§ **Records shown**
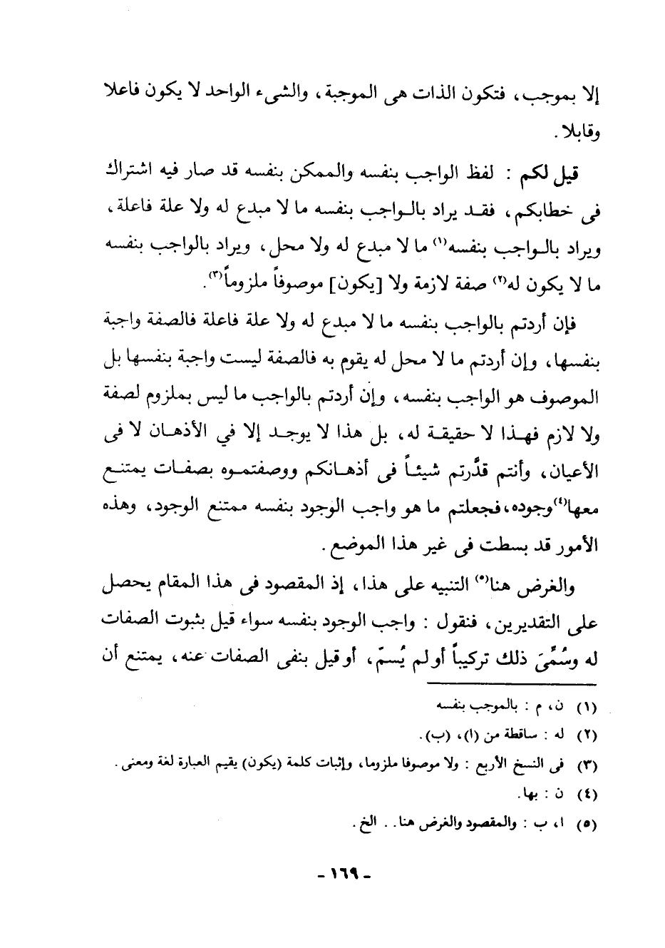 (¬3) فِي النُّسَخِ الْأَرْبَعِ: وَلَا مَوْصُوفًا مَلْزُومًا، وَإِثْبَاتُ كَلِمَةِ (يَكُونُ) يُقِيمُ الْعِبَارَةَ لُغَةً وَمَعْنًى.
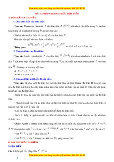 BÀI 5: PHÉP CHIA ĐA TH C Ứ M T Ộ BI N Ế A. TÓM T T Ắ LÝ THUY T Ế 1. Chia đ n ơ th c ứ cho đ n ơ th c ứ : *Quy t c ắ : Mu n ố chia đ n ơ th c ứ A cho đ n ơ th c ứ B ( B 0 ) khi số mũ c a ủ bi n ế trong A l n ớ h n ơ hoặc bằng s m ố ũ c a ủ bi n t
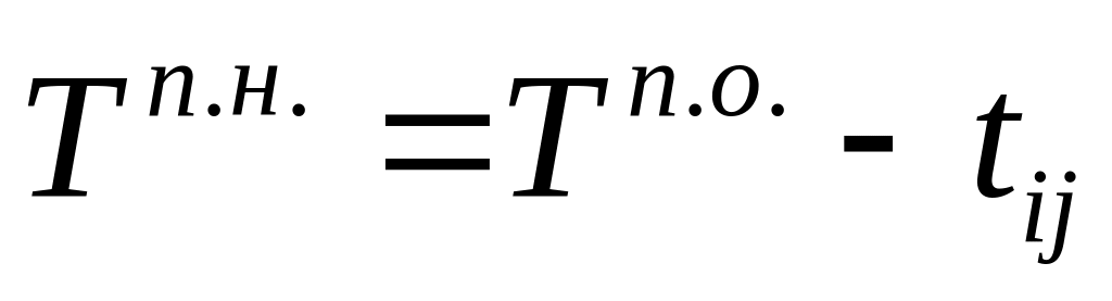 Позднее начало определяется как разность между поздним сроком окончания работы и ее продолжительностью:
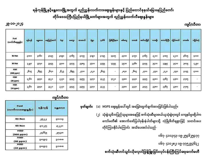 စက်သုံးဆီ တင်သွင်းသိုလောင်ဖြန့်ဖြူးခြင်းလုပ်ငန်း ကြီးကြပ်ရေးကော်မတီက ယနေ့  ၂၀၂၄ ခုနှစ်၊ အောက်တိုဘာ ( ၂၉ ) ရက်နေ့မှာ ထုတ်ပြန်တဲ့ ရန်ကုန်မြို့နဲ့ မန္တလေးမြို့များအတွက် စက်သုံးဆီ ရည်ညွှန်းလက်ကားဈေးနှုန်းများနဲ့ ပြည်ထောင်စုနယ်မြေ နေပြည်တော်၊ တိုင်းဒေသကြီး/ပြည်နယ် မြို့တော်များအတွက် ရည်ညွှန်းလက်လီဈေးနှုန်းများဖြစ်ပါတယ်။
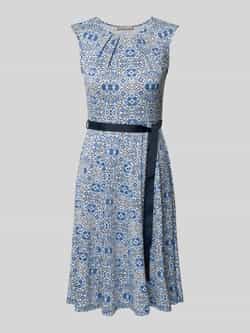 Jurk van Christian Berg Woman Selection. Viscosemix. Getailleerde pasvorm. Afneembare tailleband. Opstaande kraag. 3/4-mouw. Elastische mouwboorden. Knoopsluiting. Mouwen in semi-transparant design. Niet-doorschijnende onderrok. Knielang. Ruglengte bij maat 36: 95 cm. Borstomvang bij maat 36: 40 cm. Mouwlengte bij maat 36: 46 cm
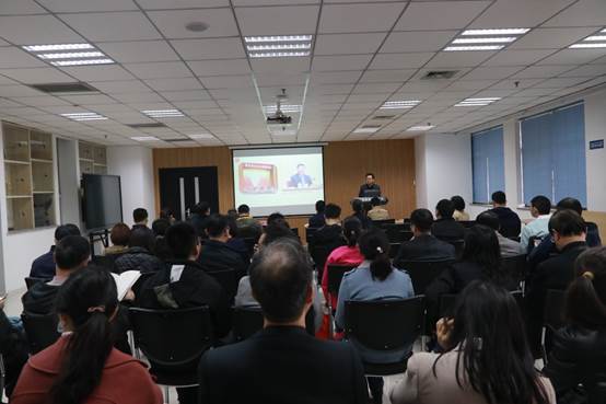 党史学习教育专家宣讲团成员梁军教授受邀作党史学习专题讲座。人文学院全体教师党员参加学习活动。
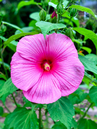 Close up of Rosa mallow flower in the graden
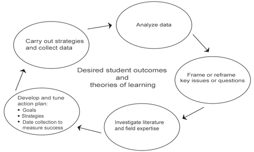 The foundation of inquiry began with Dewey (1938) Theory of Inquiry which identified the gaps between thought and action and research and practice (Dewey, 1938; Schön, 1992). Inquiry was described as beginning with a challenge with an unclear solution where the inquirer is “in it and in transaction with it” Schön (1992). Schön (1992) used Dewey’s Theory of Inquiry to focus on reflective practice with three specific components: knowing-in-action, reflection-in-action, and reflective conversation with the situation. Within knowing and reflecting in action, an important concept is outlined. Schön (1992) explained that those working and reflecting upon their practice often have difficulty describing what is already known or may give inaccurate descriptions adding to the overall confusion. The idea of action without knowledge is common but not always recognized. Action without knowledge is also significantly relevant to quality assurance and the challenges that EPPs face identifying best practices that make a substantive difference in candidate and program performance. Schön (1992) concepts derived from the original Theory of Inquiry outline the importance of using inquiry as educators to become increasingly responsive and consciously reflective to have a greater impact on current practices.
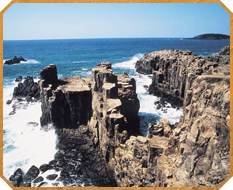 - 東尋坊 荒々しい岩肌の柱状節理が延々と1kmに渡って続く勇壮そのものの東尋坊は、国の名勝・天然記念物に指定されています。高さが20メートル以上に及ぶの断崖は壮絶で、日本海の荒波が打ち寄せる姿は大迫力。
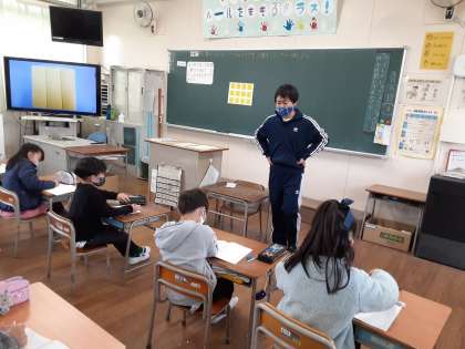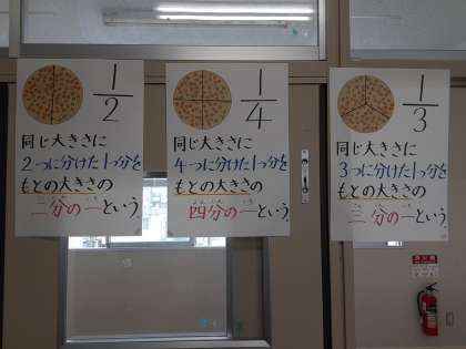 2年生では算数科で「「分けた 大きさの あらわし方を 考えよう」を学習しています。2組では、同じ数ずつ分けた1つ分の大きさを、分数を使って説明できるように考えていました。12個のブロックを2つのまとまりに分けると「1つ分は、12個の1/2で6個になります。」のように考えます。
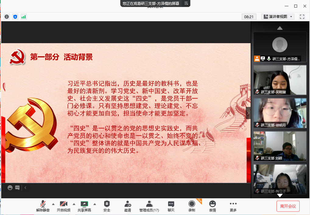建筑学硕士生三支部于2020年11月30日19:00在线上腾讯会议组织了大型历史事件纪录片《为了和平》的放映,全体党员、支部委员都在线上参与了此次观看纪录片活动。
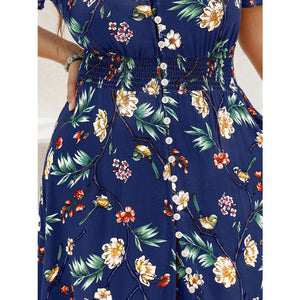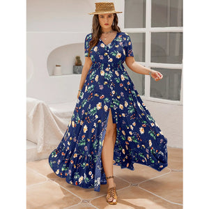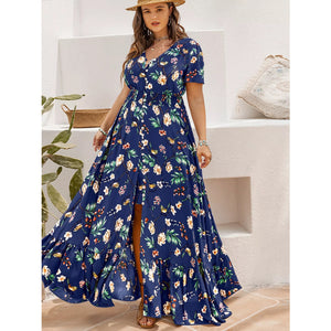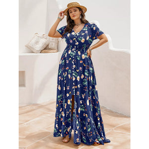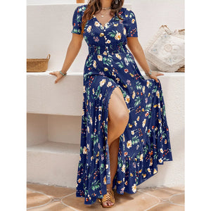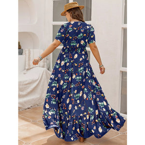 Plus Size Floral V-Neck Short Sleeve Maxi Dress

§ **About this task**
What you give back should be exactly the lines from the top of the data above down to and including the line with "Close up of Rosa mallow flower in the graden", minus any pictures.

§ **Task solution**
 (¬3) فِي النُّسَخِ الْأَرْبَعِ: وَلَا مَوْصُوفًا مَلْزُومًا، وَإِثْبَاتُ كَلِمَةِ (يَكُونُ) يُقِيمُ الْعِبَارَةَ لُغَةً وَمَعْنًى.
 BÀI 5: PHÉP CHIA ĐA TH C Ứ M T Ộ BI N Ế A. TÓM T T Ắ LÝ THUY T Ế 1. Chia đ n ơ th c ứ cho đ n ơ th c ứ : *Quy t c ắ : Mu n ố chia đ n ơ th c ứ A cho đ n ơ th c ứ B ( B 0 ) khi số mũ c a ủ bi n ế trong A l n ớ h n ơ hoặc bằng s m ố ũ c a ủ bi n t
 Позднее начало определяется как разность между поздним сроком окончания работы и ее продолжительностью:
 စက်သုံးဆီ တင်သွင်းသိုလောင်ဖြန့်ဖြူးခြင်းလုပ်ငန်း ကြီးကြပ်ရေးကော်မတီက ယနေ့  ၂၀၂၄ ခုနှစ်၊ အောက်တိုဘာ ( ၂၉ ) ရက်နေ့မှာ ထုတ်ပြန်တဲ့ ရန်ကုန်မြို့နဲ့ မန္တလေးမြို့များအတွက် စက်သုံးဆီ ရည်ညွှန်းလက်ကားဈေးနှုန်းများနဲ့ ပြည်ထောင်စုနယ်မြေ နေပြည်တော်၊ တိုင်းဒေသကြီး/ပြည်နယ် မြို့တော်များအတွက် ရည်ညွှန်းလက်လီဈေးနှုန်းများဖြစ်ပါတယ်။
 Jurk van Christian Berg Woman Selection. Viscosemix. Getailleerde pasvorm. Afneembare tailleband. Opstaande kraag. 3/4-mouw. Elastische mouwboorden. Knoopsluiting. Mouwen in semi-transparant design. Niet-doorschijnende onderrok. Knielang. Ruglengte bij maat 36: 95 cm. Borstomvang bij maat 36: 40 cm. Mouwlengte bij maat 36: 46 cm
 党史学习教育专家宣讲团成员梁军教授受邀作党史学习专题讲座。人文学院全体教师党员参加学习活动。
 Close up of Rosa mallow flower in the graden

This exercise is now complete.